DLTs were defined as any of the following considered to be drug-related: 1) grade ≥ 3 (Common Terminology Criteria for Adverse Events [CTCAE] Version 3.0 or 4.03) non-hematological toxicity (exceptions were untreated nausea, vomiting, or diarrhea; clinically non-significant laboratory abnormalities, or laboratory abnormalities that resolved spontaneously; febrile neutropenia or grade 3 infection if the patient recovered with appropriate treatment within 7 days [all studies]); 2) inability to deliver the full dose of volasertib according to the assigned dose level within cycle 1; 3) treatment delay of ≥ 4 weeks due to drug-related adverse events (DRAEs).
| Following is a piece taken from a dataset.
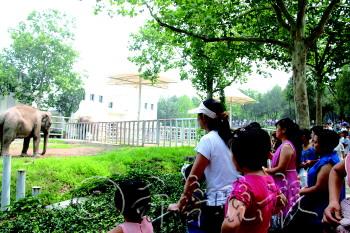 | 孩子们在动物园观看大象(资料片)。 本报记者 王光营 摄 |

Further safety endpoints included the incidence and intensity of adverse events (AEs) graded according to CTCAE Version 3.0 or Version 4.03. Efficacy was a secondary endpoint in these studies and was assessed by determining objective response to treatment according to International Working Group 2006 criteria [15]. In Studies 1 and 3, the objective response rate was calculated (proportion of patients with complete remission [CR] or partial remission [PR]).
Statistical analyses
All analyses were summarized descriptively; no formal hypothesis testing was planned.
Protocol amendments
Study 1
Following reports of an increased rate of fatal infection in the phase III 1230.14 trial of volasertib in patients with AML, Study 1 was modified: volasertib dosing adaptation to the patient’s individual BSA instead of a volasertib flat starting dose of 250 mg and the introduction of volasertib dosing schedules A (day 1), B (day 7), and C (days 1 and 7) instead of a single dosing schedule (days 1 and 15).
Study 2
In consideration of the DLT occurrence status in Study 1, planned doses in Cohorts 2 and 3 were changed from 300 mg to 250 mg for Cohort 2 and from 350 mg to 300 mg for Cohort 3, with the change of number of patients per cohort from 3-6 to 6, and Cohort Intermediate was deleted.
Study 3
The amendments to the protocol for Study 3 were as follows: the analysis of efficacy was to be performed only for the secondary endpoint because only 1 patient was treated in this study.